▶ _What is required_
Transcribe the entries exactly as they stand below, passing over any picture.

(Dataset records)
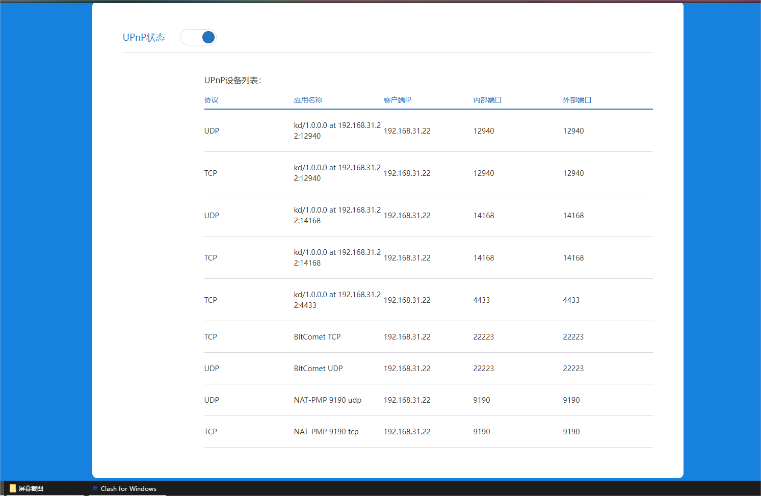 下图图是原来去年设置完双绿灯后截的图,虽然是端口受限锥形NAT,但是是双绿灯,百兆宽带能跑满。
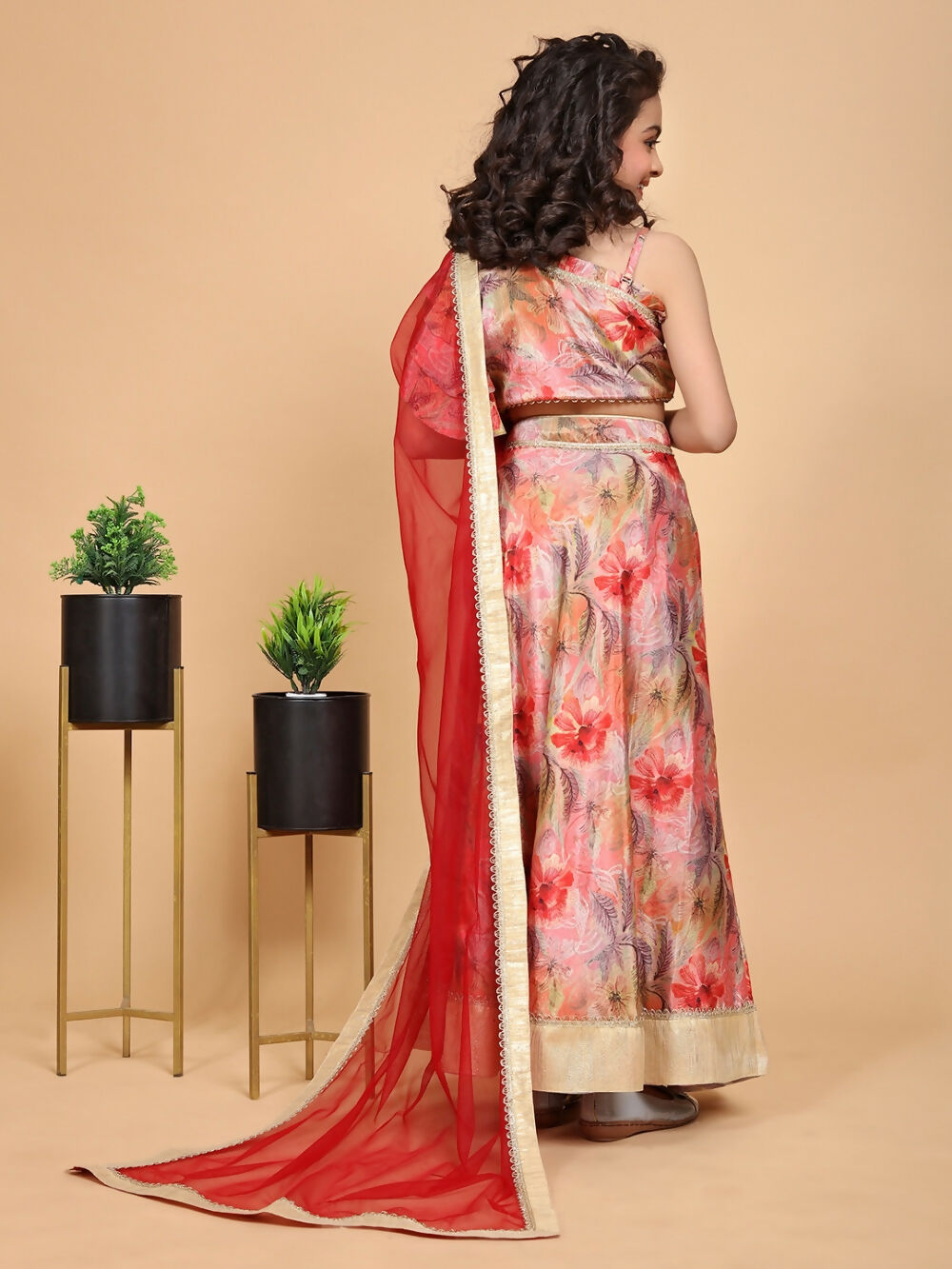 Divine Drape Girls Chinon Peach Printed Kids Lehenga Choli With Dupatta
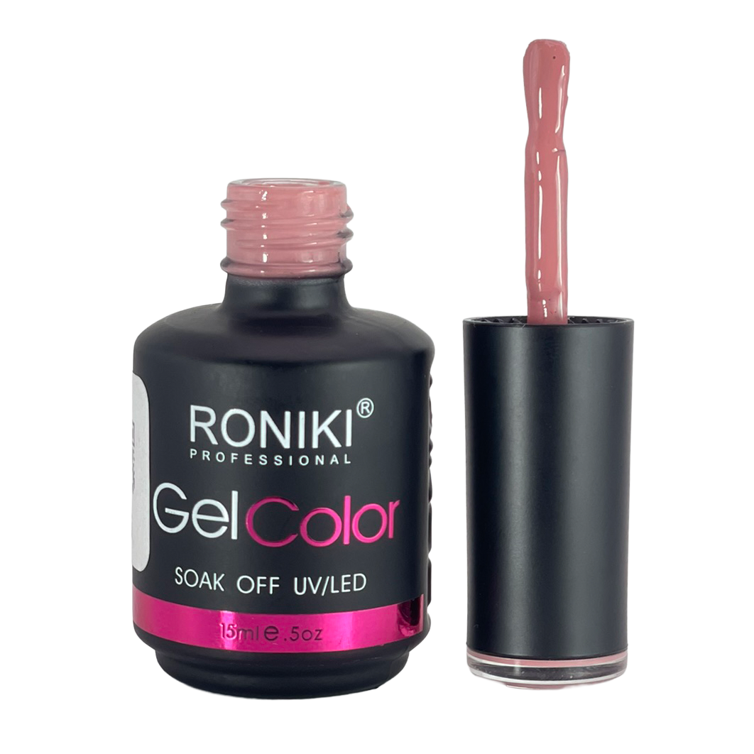 3. Color: aplica 1–2 capas delgadas de esmalte Roniki, curando cada una con lámpara UV o LED de 74 watts por 60 segundos.
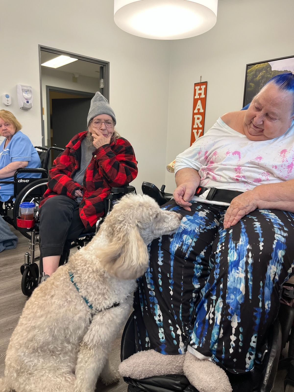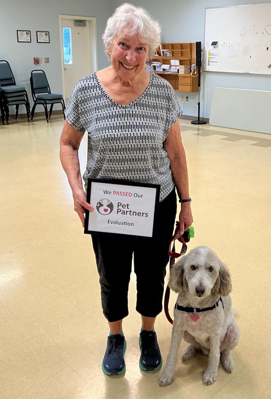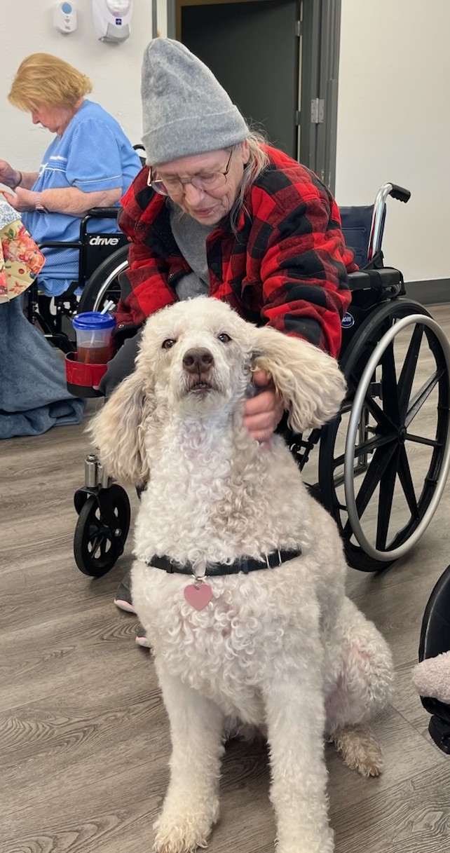 8-yr old standard poodle. They became a registered Pet Partners team in October, 2024. They live in Corvallis, Oregon and are currently making visits at Regency Recovery Center in Corvallis. From looking at these pictures of visits, Kizzy is enjoying her visits with these clients.
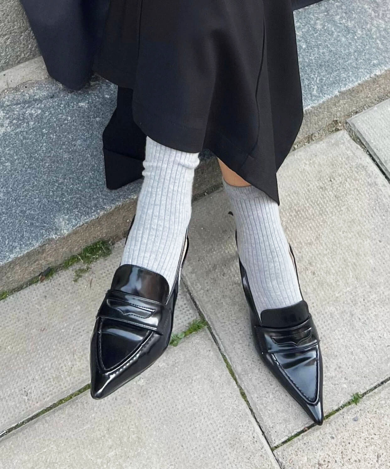 Το ανατρεπτικό αυτό σχέδιο πρωτοεμφανίστηκε στην πασαρέλα της Miu Miu την Άνοιξη του 2022, με το όνομα “penny loafers”, τα οποία είχαν λεπτή μύτη, λουράκι slingback (για ελευθερία στη φτέρνα) και κοντό τακούνι. Από τότε, ξέσπασε ένας πραγματικός παροξυσμός, καθορίζοντας νέους κανόνες για την ανανεωμένη ρετρό κομψότητα.
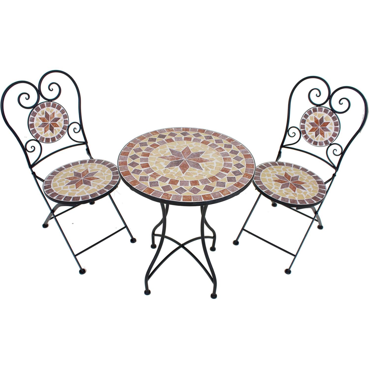 Verwandeln Sie Ihren Aussenbereich mit unserem Balkonset Amarillo, das aus zwei Stühlen und einem Tisch in klassisch mediterranem Stil besteht. Dieses Set besticht durch sein dekoratives Mosaik aus keramischem Steingut in der Tischplatte, den Sitzflächen und der Rückenlehne. Die kunstvoll sternförmig eingearbeiteten Steingutscheiben in sandfarben von beige bis zu roten Ockertönen, kontrastiert mit dem geschwungenen schwarzen Stahlgestell, machen dieses Set zu einem äusserst dekorativen Blickpunkt in Ihrem grünen Paradies.
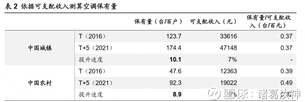 2016 年中国城镇百户保有量为 123.7 台,对标 1989 年,日本百户保有量为 113 台,未来 5 年 中国可支配收入的增速如果按照过去三年的平均速率则在 7%左右,日本这一时期的可支 配收入增长率则仅有 3.4%。因此我们假设中国城镇保有量提升的速度略高于日本这段时 期的保有量提升速度,则未来 5 年空调保有量提升速率为城镇每年 11 台/百户,2021 年 中国城镇空调百户保有量约为 178.7 台。同理以中国农村对标城镇,2016 年农村百户保 有量为 47.6 台,与 2002 年的城镇水平相近,人均收入增速略低于城镇。5 年间城镇平 均每年保有量提升 8.8 台/百户,农村在提升速率为 8 台/百户的情况下 2021 年百户保有量达到 92 台。
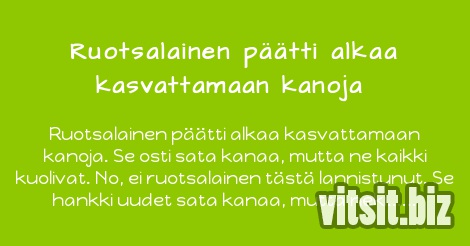 Ruotsalainen päätti alkaa kasvattamaan kanoja. Se osti sata kanaa, mutta ne kaikki kuolivat. No, ei ruotsalainen tästä lannistunut. Se hankki uudet sata kanaa, mutta nekin kaikki kuolivat. Kolmannelle parvelle kävi myös samoin.
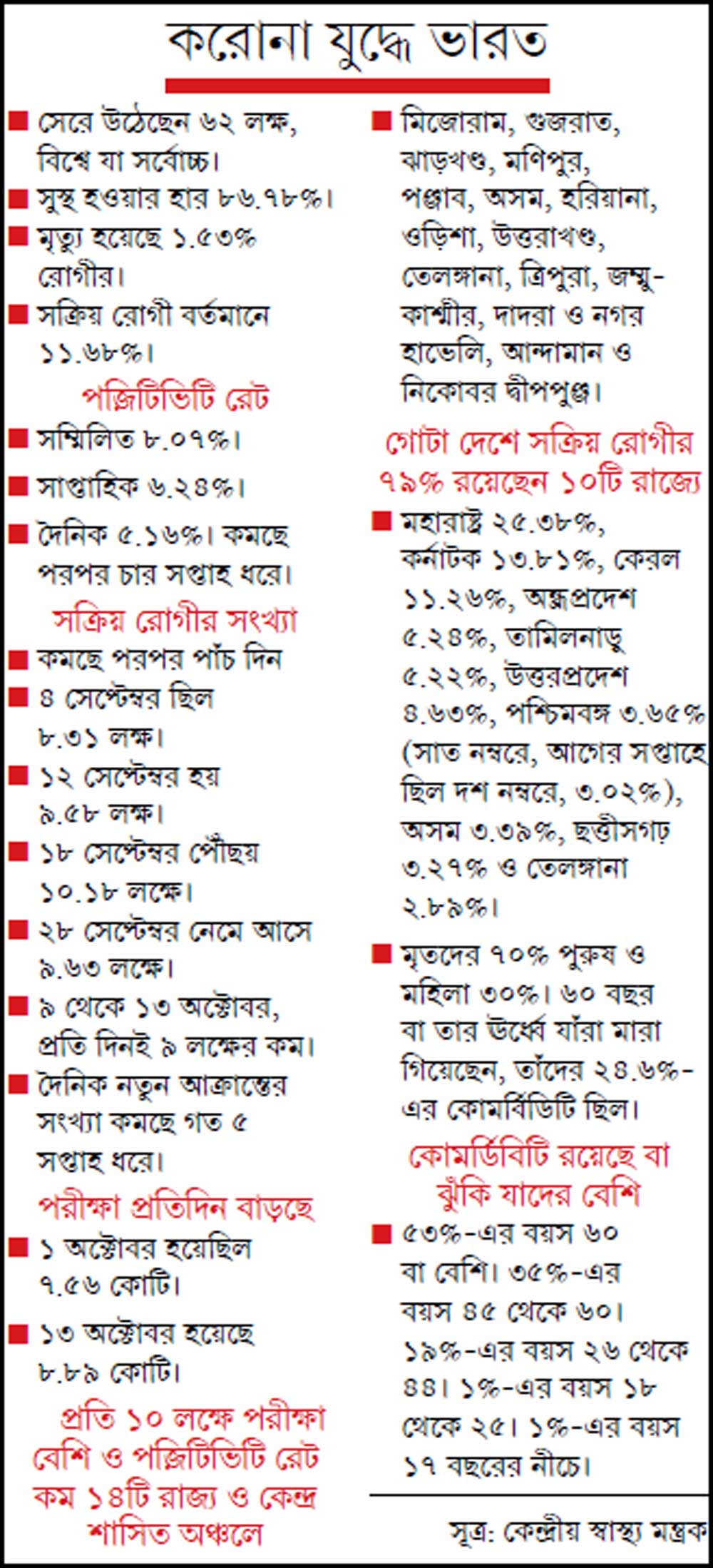 স্বাস্থ্যমন্ত্রী জানিয়েছেন, দেশে এই পর্যন্ত ৬২,২৭,২৯৫ জন কোভিড রোগী সেরে উঠেছেন। সুস্থ হয়ে ওঠার হার এখন ৮৬.৭৮%, বিশ্বে যা সর্বোচ্চ। মৃত্যুর হার বিশ্বে সবচেয়ে কম, ১.৫৩%। সংক্রমণ দ্বিগুণ হওয়ার সময় ৭৪.৯ দিনে তুলে আনা গিয়েছে গত তিন দিনে। করোনা পরীক্ষার ল্যাবরেটরির সংখ্যা বেড়ে হয়েছে ১৯২৭। এতে দিনে ১৫ লক্ষ নমুনা পরীক্ষার ক্ষমতা তৈরি হয়েছে। গত ২৪ ঘণ্টায় প্রায় ১১ লক্ষের কাছাকাছি পরীক্ষা হয়েছে গোটা দেশে।
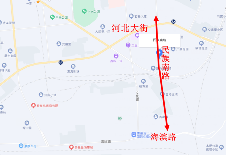 民族路向南延伸工程北起河北大街,南至海滨路,长约1750米(中线交点距离),实施长度约1924米(含桥长545米),本段道路等级为城市主干路,规划红线宽50米。
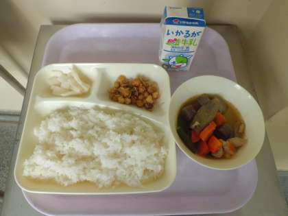 本日のメニューは、鶏肉と野菜の煮物、じゃこ豆、かぶのゆず風味、ご飯、牛乳 です。
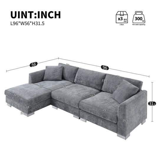 [SantaChoice] 96*56" Modern Cloud Sectional Sofa,L-shaped Luxury Couch Set with 2 Free pillows,4-seat Chenille Indoor Furniture with Oversized Chaise for Living Room,Apartment,Office,3 Colors
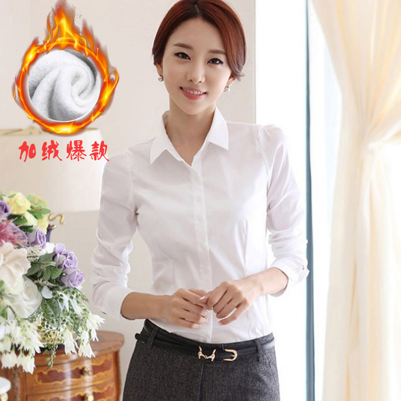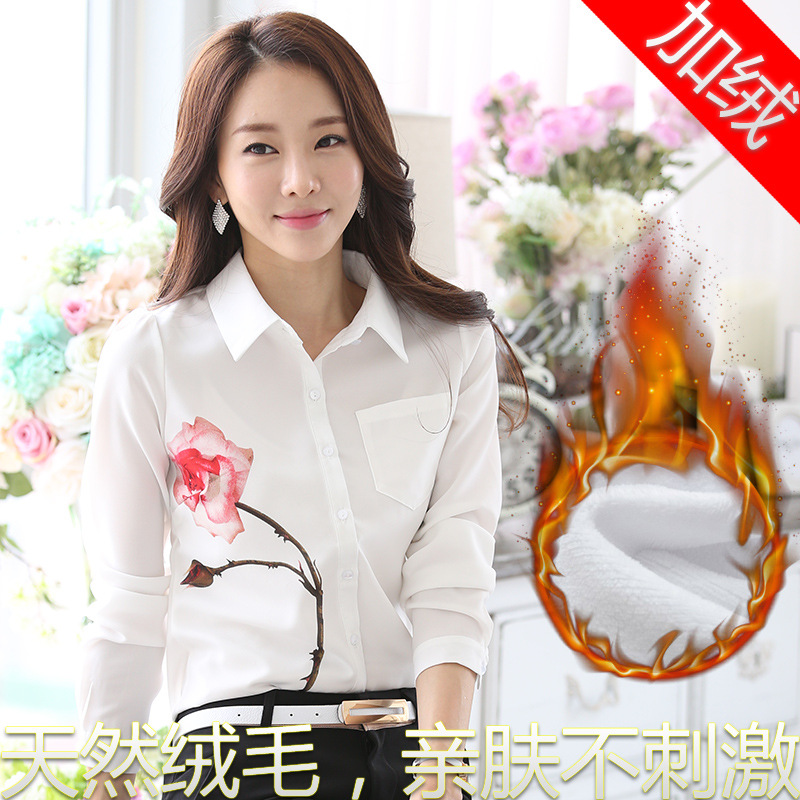 2015年高端韓版上衣女裝打底衫 襯衣大碼白加絨加厚長袖女襯衫¥59立即搶購

▶ _Solution to this exercise_
 下图图是原来去年设置完双绿灯后截的图,虽然是端口受限锥形NAT,但是是双绿灯,百兆宽带能跑满。
 Divine Drape Girls Chinon Peach Printed Kids Lehenga Choli With Dupatta
 3. Color: aplica 1–2 capas delgadas de esmalte Roniki, curando cada una con lámpara UV o LED de 74 watts por 60 segundos.
 8-yr old standard poodle. They became a registered Pet Partners team in October, 2024. They live in Corvallis, Oregon and are currently making visits at Regency Recovery Center in Corvallis. From looking at these pictures of visits, Kizzy is enjoying her visits with these clients.
 Το ανατρεπτικό αυτό σχέδιο πρωτοεμφανίστηκε στην πασαρέλα της Miu Miu την Άνοιξη του 2022, με το όνομα “penny loafers”, τα οποία είχαν λεπτή μύτη, λουράκι slingback (για ελευθερία στη φτέρνα) και κοντό τακούνι. Από τότε, ξέσπασε ένας πραγματικός παροξυσμός, καθορίζοντας νέους κανόνες για την ανανεωμένη ρετρό κομψότητα.
 Verwandeln Sie Ihren Aussenbereich mit unserem Balkonset Amarillo, das aus zwei Stühlen und einem Tisch in klassisch mediterranem Stil besteht. Dieses Set besticht durch sein dekoratives Mosaik aus keramischem Steingut in der Tischplatte, den Sitzflächen und der Rückenlehne. Die kunstvoll sternförmig eingearbeiteten Steingutscheiben in sandfarben von beige bis zu roten Ockertönen, kontrastiert mit dem geschwungenen schwarzen Stahlgestell, machen dieses Set zu einem äusserst dekorativen Blickpunkt in Ihrem grünen Paradies.
 2016 年中国城镇百户保有量为 123.7 台,对标 1989 年,日本百户保有量为 113 台,未来 5 年 中国可支配收入的增速如果按照过去三年的平均速率则在 7%左右,日本这一时期的可支 配收入增长率则仅有 3.4%。因此我们假设中国城镇保有量提升的速度略高于日本这段时 期的保有量提升速度,则未来 5 年空调保有量提升速率为城镇每年 11 台/百户,2021 年 中国城镇空调百户保有量约为 178.7 台。同理以中国农村对标城镇,2016 年农村百户保 有量为 47.6 台,与 2002 年的城镇水平相近,人均收入增速略低于城镇。5 年间城镇平 均每年保有量提升 8.8 台/百户,农村在提升速率为 8 台/百户的情况下 2021 年百户保有量达到 92 台。
 Ruotsalainen päätti alkaa kasvattamaan kanoja. Se osti sata kanaa, mutta ne kaikki kuolivat. No, ei ruotsalainen tästä lannistunut. Se hankki uudet sata kanaa, mutta nekin kaikki kuolivat. Kolmannelle parvelle kävi myös samoin.
 স্বাস্থ্যমন্ত্রী জানিয়েছেন, দেশে এই পর্যন্ত ৬২,২৭,২৯৫ জন কোভিড রোগী সেরে উঠেছেন। সুস্থ হয়ে ওঠার হার এখন ৮৬.৭৮%, বিশ্বে যা সর্বোচ্চ। মৃত্যুর হার বিশ্বে সবচেয়ে কম, ১.৫৩%। সংক্রমণ দ্বিগুণ হওয়ার সময় ৭৪.৯ দিনে তুলে আনা গিয়েছে গত তিন দিনে। করোনা পরীক্ষার ল্যাবরেটরির সংখ্যা বেড়ে হয়েছে ১৯২৭। এতে দিনে ১৫ লক্ষ নমুনা পরীক্ষার ক্ষমতা তৈরি হয়েছে। গত ২৪ ঘণ্টায় প্রায় ১১ লক্ষের কাছাকাছি পরীক্ষা হয়েছে গোটা দেশে।
 民族路向南延伸工程北起河北大街,南至海滨路,长约1750米(中线交点距离),实施长度约1924米(含桥长545米),本段道路等级为城市主干路,规划红线宽50米。
 本日のメニューは、鶏肉と野菜の煮物、じゃこ豆、かぶのゆず風味、ご飯、牛乳 です。
 [SantaChoice] 96*56" Modern Cloud Sectional Sofa,L-shaped Luxury Couch Set with 2 Free pillows,4-seat Chenille Indoor Furniture with Oversized Chaise for Living Room,Apartment,Office,3 Colors
 2015年高端韓版上衣女裝打底衫 襯衣大碼白加絨加厚長袖女襯衫¥59立即搶購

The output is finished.